SD Muhammadiyah 1 Solo Jadi Sekolah Model Pembelajaran Mendalam dan AI

Print Friendly and PDF

Kepala Seksi Manajemen dan Peningkatan Mutu Dinas Pendidikan Kota Surakarta, Dimas Teguh Saputra, memberikan materi kebijakan implementasi Pembelajaran Mendalam (PM) serta Coding dan Kecerdasan Artifisial (KKA) kepada SD Muhammadiyah 1 Solo di Red Chilies Hotel, Kamis (9/7/2026).


SD Muhammadiyah 1 Solo Jadi Sekolah Model Pembelajaran Mendalam dan AI

Solo - majalahlarise.com – SD Muhammadiyah 1 Solo resmi ditetapkan sebagai salah satu sekolah model implementasi Pembelajaran Mendalam (PM) serta Coding dan Kecerdasan Artifisial (KKA). Penetapan ini menjadi prestasi membanggakan karena sekolah di bawah binaan Majelis Pendidikan Pimpinan Daerah Muhammadiyah Kota Surakarta tersebut dipercaya menjadi sekolah percontohan dalam pengembangan pembelajaran berbasis teknologi di tingkat nasional maupun daerah.

Apresiasi atas pencapaian tersebut disampaikan Kepala Seksi Manajemen dan Peningkatan Mutu Dinas Pendidikan Kota Surakarta, Dimas Teguh Saputra, saat memberikan materi mengenai kebijakan sekolah model PM dan KKA di Red Chilies Hotel lantai V, Kamis (9/7/2026).

"Ini luar biasa. Ada ratusan sekolah yang tersebar di Indonesia, tetapi salah satu yang terpilih adalah SD Muhammadiyah 1 Ketelan Solo," ujar Dimas.

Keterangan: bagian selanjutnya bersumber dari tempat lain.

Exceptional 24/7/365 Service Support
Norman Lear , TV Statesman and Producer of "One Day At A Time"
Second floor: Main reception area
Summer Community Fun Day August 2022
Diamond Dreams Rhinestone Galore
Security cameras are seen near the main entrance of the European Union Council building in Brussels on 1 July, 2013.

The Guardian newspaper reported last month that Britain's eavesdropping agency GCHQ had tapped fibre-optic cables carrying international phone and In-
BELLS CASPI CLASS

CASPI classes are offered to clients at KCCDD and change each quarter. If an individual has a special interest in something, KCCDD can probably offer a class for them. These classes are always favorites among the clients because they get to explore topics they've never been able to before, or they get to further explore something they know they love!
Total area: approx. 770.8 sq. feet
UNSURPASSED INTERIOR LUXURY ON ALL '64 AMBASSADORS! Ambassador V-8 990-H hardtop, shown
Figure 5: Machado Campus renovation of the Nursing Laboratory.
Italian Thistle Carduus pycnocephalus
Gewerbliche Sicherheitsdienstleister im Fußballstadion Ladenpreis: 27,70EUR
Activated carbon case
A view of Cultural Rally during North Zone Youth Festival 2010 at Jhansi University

Menurutnya, penunjukan SD Muhammadiyah 1 Solo sebagai sekolah model merupakan bentuk kepercayaan sekaligus amanah besar. Sekolah yang berdiri sejak 1935 ini diharapkan menjadi pionir sekaligus center of excellence bagi sekolah-sekolah lain dalam mengembangkan pembelajaran mendalam, coding, dan kecerdasan artifisial.

Di bawah kepemimpinan Kepala Sekolah Sri Sayekti, SD Muhammadiyah 1 Solo akan menjadi rujukan bagi sekolah-sekolah di Kota Surakarta maupun daerah lain yang ingin mempelajari implementasi Pembelajaran Mendalam serta pemanfaatan Artificial Intelligence (AI) dalam proses belajar mengajar.

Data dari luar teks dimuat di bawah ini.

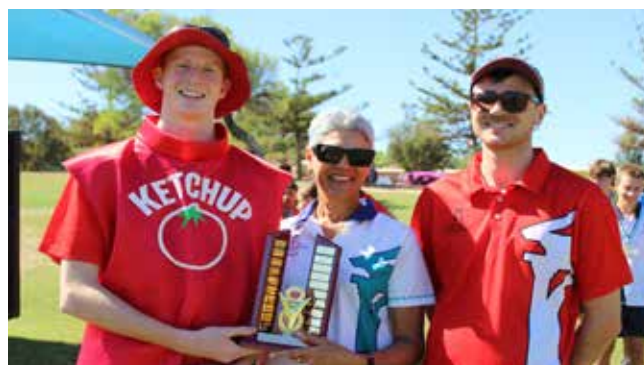
Primary Champion House - Murchison Secondary Champion House - Chapman
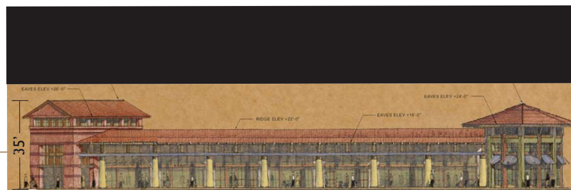
Belvedere Road Endcap-Suite 805 Piazza Endcap-Suite 801
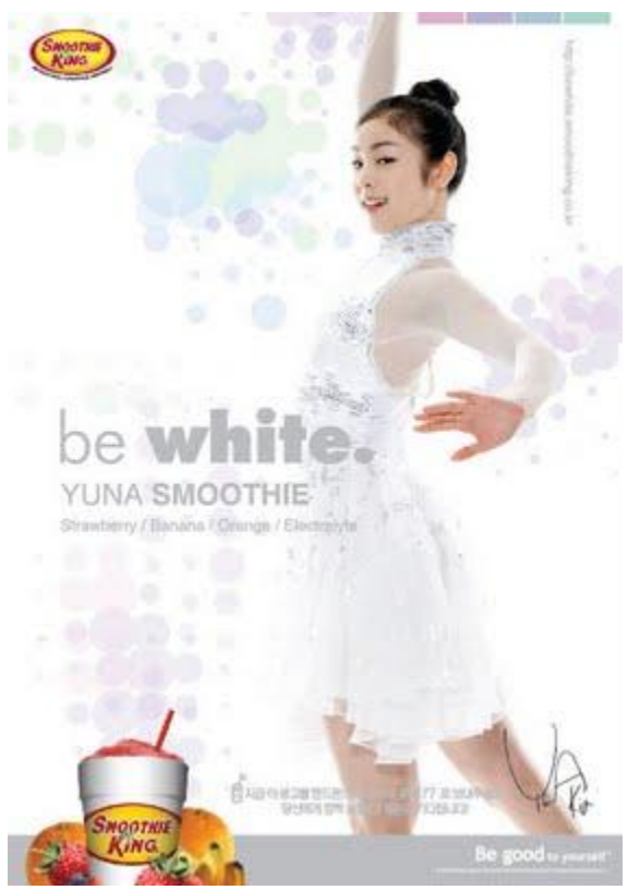
Figure 8: Yuna Kim, "Be White"

matters worse, they are spreading it further through their music videos, promotional materials, and product advertisements (see Figure 8). Websites like Asian White Skin (http://www.asianwhite skin.com/about.php) point to the need for more critiques of the model minority stereotype in Asian countries. Yuna Kim's Smoothie King poster, "Be White," is yet one more example of why more scholarship needs to be carried out that complicates the model minority stereotype in Asian countries.
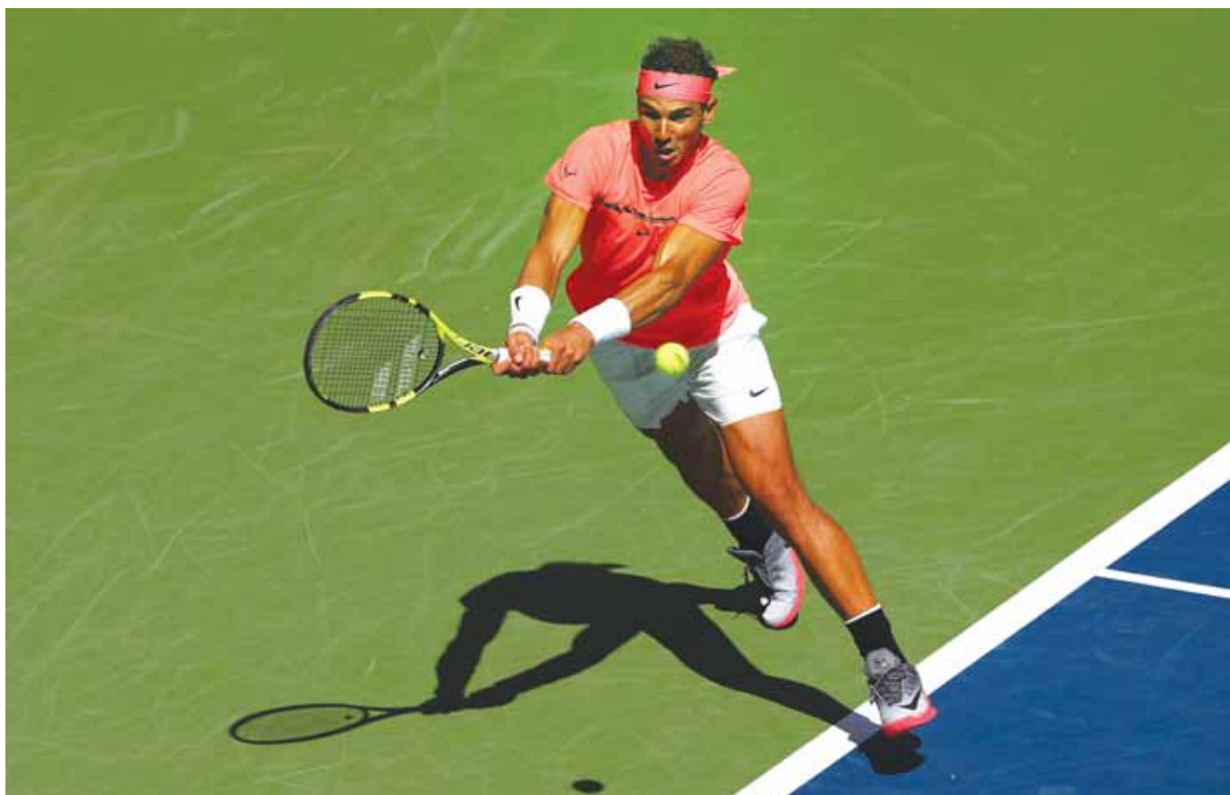
Rafael Nadal of Spain returns a shot against Alexandr Dolgoplov of Ukraine during their fourth round US Open match at the USTA Billie Jean King National Tennis Centre.

"You can ask me about that in two days if I am here with victory and I will answer you with a lot of great pleasure if that happens," Nadal said.

"Ketika sekolah-sekolah lain di Kota Surakarta ingin belajar mengenai penerapan deep learning, coding, dan kecerdasan artifisial (Artificial Intelligence), mereka bisa datang langsung ke SD Muhammadiyah 1 Ketelan," jelas Dimas.

Ia mengakui, status sebagai sekolah model membawa tantangan besar. Transformasi pendidikan berbasis digital membutuhkan kesiapan sarana prasarana, penguatan kompetensi guru, serta kolaborasi seluruh warga sekolah agar implementasi program dapat berjalan optimal.

Karena itu, Dinas Pendidikan Kota Surakarta menyatakan siap memberikan pendampingan dan dukungan secara berkelanjutan agar SD Muhammadiyah 1 Solo mampu menjalankan peran sebagai sekolah rujukan.

"Kami dari Dinas Pendidikan memberikan support penuh kepada keluarga besar guru, tenaga pendidik, staf, karyawan, hingga kepala sekolah. Kami berharap semuanya tetap semangat dan optimis dalam melaksanakan tugas mulia ini. Kami yakin sekolah ini bisa menjadi model yang baik di Surakarta," tegas Dimas.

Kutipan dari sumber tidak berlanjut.